(Records from a data source)

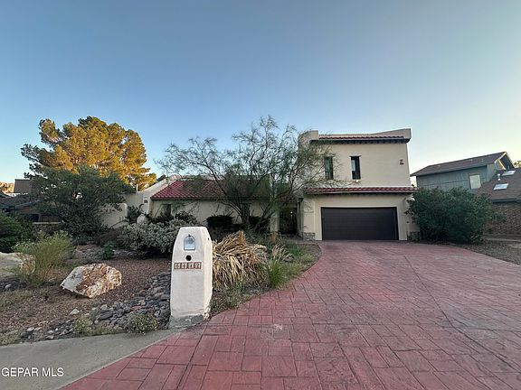 Tucked away on a quiet cul-de-sac in sought-after Chaparral Park neighborhood in West El Paso TX, this custom-built Adobe home offers you over 3,600 sq ft of warmth and character with hand made Saltillo tile throughout the first floor. Featuring 4 bedrooms + office (or 5th bedroom), 4 bathrooms, this Santa Fe-style retreat welcomes you with its cabin-like charm, natural wood accents, and open living spaces. The backyard is an entertainer's dream with panoramic views and a solar heated in-ground pool—perfect for relaxing or hosting gatherings year-round. Upstairs you'll find a private suite with its own living area, wood floors, wet bar, fireplace, and bathroom with exterior access to the pool. Priced at only $435,000— well below market value —this fixer-upper is ready for the right buyer to bring it back to life. Don't miss this rare chance to capture instant equity in one of West El Paso's most desirable communities. Quick-close buyers and investors welcome —opportunities like this don't last long
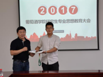 每一位研究生新生还收到了颇具特色的新生礼物——印有院徽的T恤、吊牌和印有员工姓名的酒刀、酒杯。“沧浪欲有诗味,酝酿才能芬芳”,房玉林经理借此题词,寄语同学们要带着“葡萄酒人”的烙印,拓宽专业视角,加强专业热情,培养科研能力,收获科学快乐!
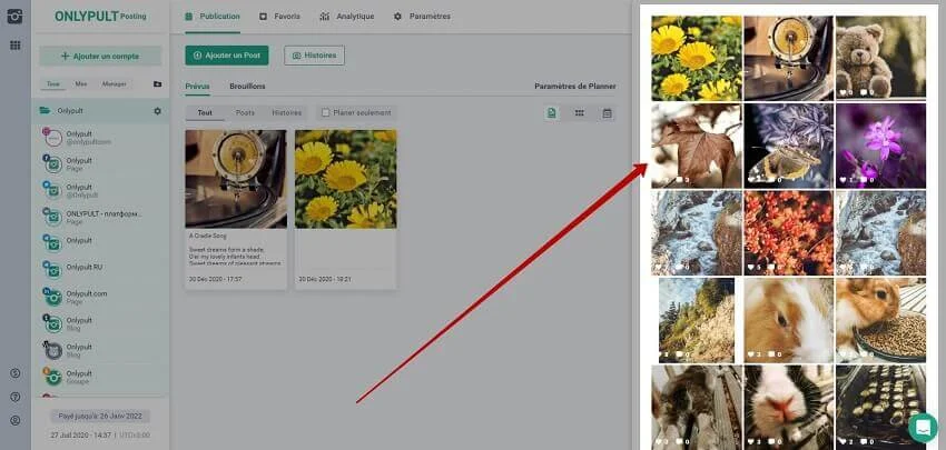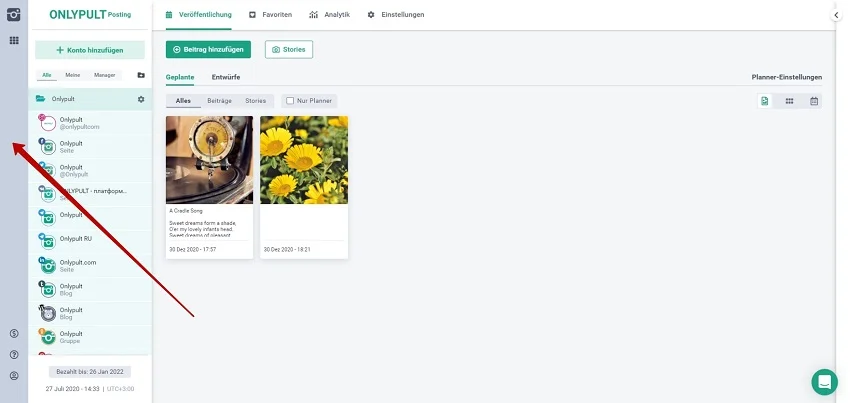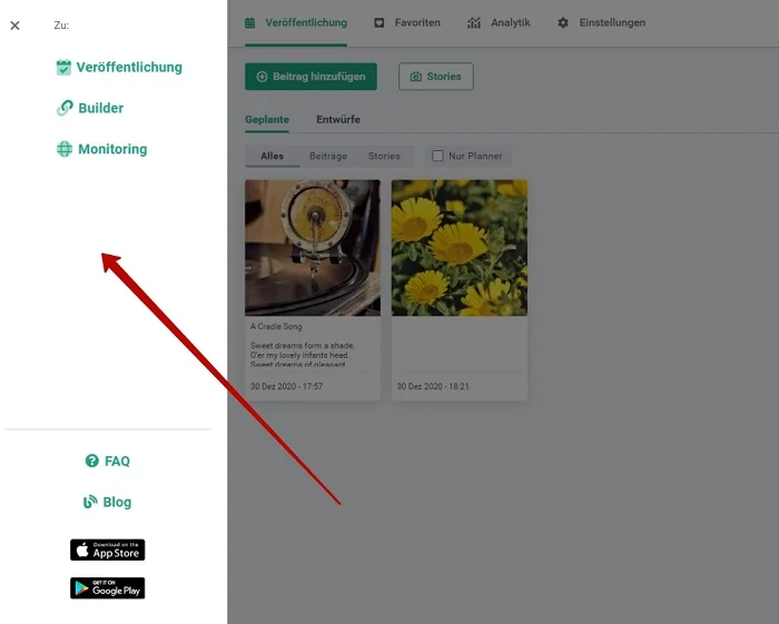 Im neuen Bereich auf der rechten Seite können Sie geplante und veröffentlichte Beiträge anzeigen, aus denen der Feed gleichzeitig besteht.
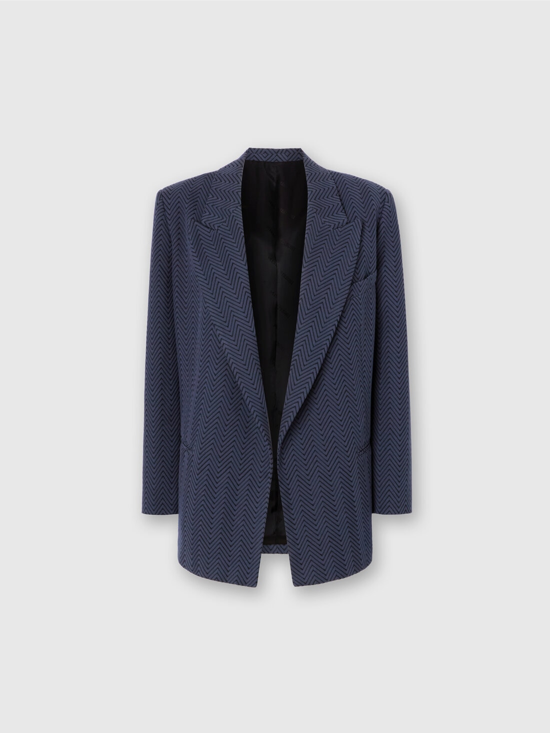 This deep V-neck single-breasted blazer for women is crafted from a cotton blend in raschel knit. Structured shoulders and the iconic Missoni zigzag give it a bold graphic appeal—perfect for interpreting elegance with a contemporary edge.
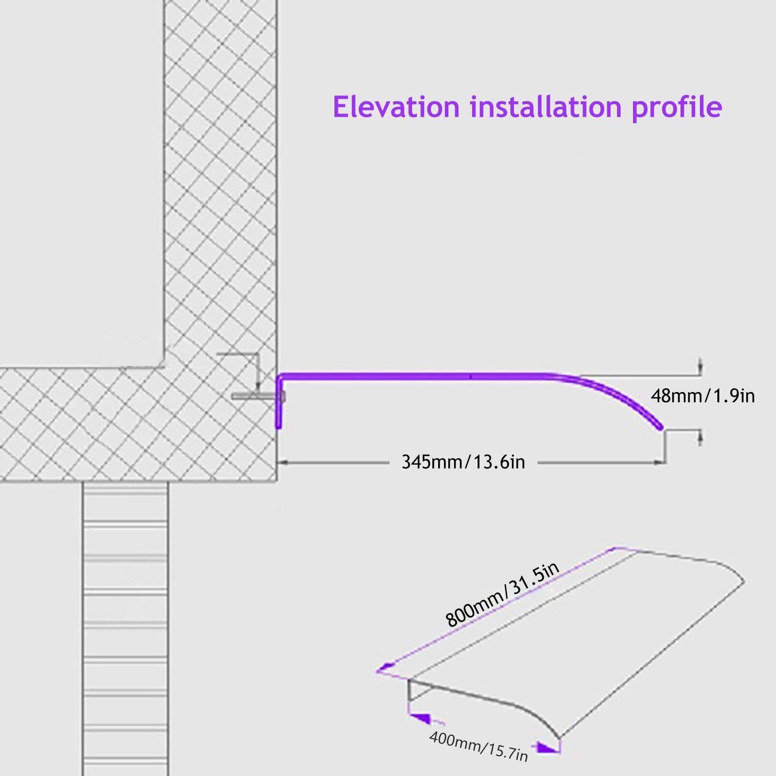 ひさし 簡易屋根 雨よけ 後付け 屋根ふきキャノピー ドア日よけ 外装 キャノピーテント ドアキャノピーオーニング ポリカーボネートドア 透明 耐久性 雨除け、庇、ポーチキャノピー、窓日よけ、ドアシェード、バルコニー、ガレージ、庭、店舗用レインキャノピー 透明 連接可能 設置簡単 ブラケット不要
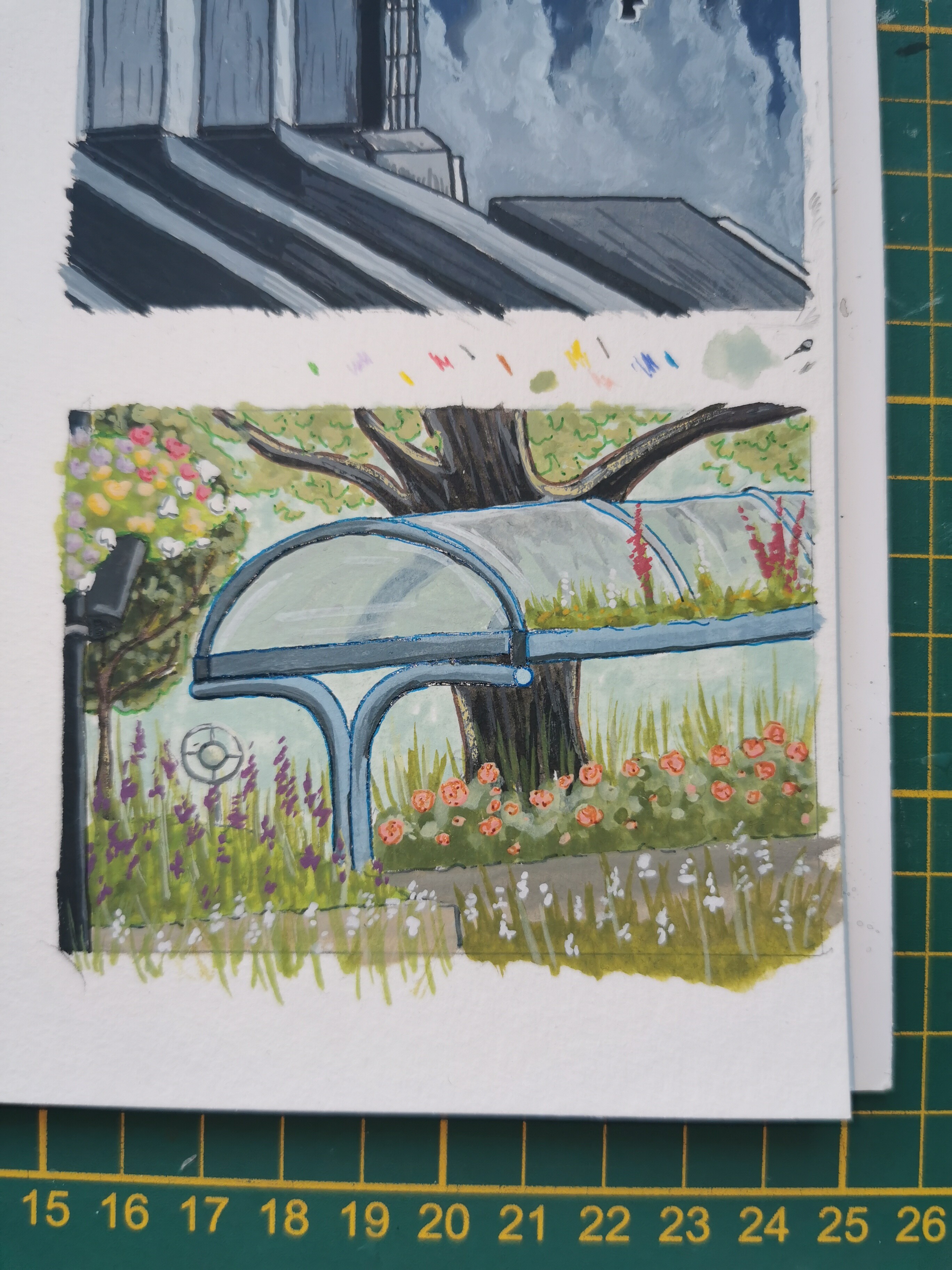 diesmal der Blick aus meinem Wohnzimmerfenster, abgezeichnet von diesem selber geschossenen Foto :

### TASK DETAILS
In the answer, include exactly the lines from the one containing "ひさし 簡易屋根 雨よけ" through the end of the records above and no pictures at all.

### FINISHED TASK
 ひさし 簡易屋根 雨よけ 後付け 屋根ふきキャノピー ドア日よけ 外装 キャノピーテント ドアキャノピーオーニング ポリカーボネートドア 透明 耐久性 雨除け、庇、ポーチキャノピー、窓日よけ、ドアシェード、バルコニー、ガレージ、庭、店舗用レインキャノピー 透明 連接可能 設置簡単 ブラケット不要
 diesmal der Blick aus meinem Wohnzimmerfenster, abgezeichnet von diesem selber geschossenen Foto :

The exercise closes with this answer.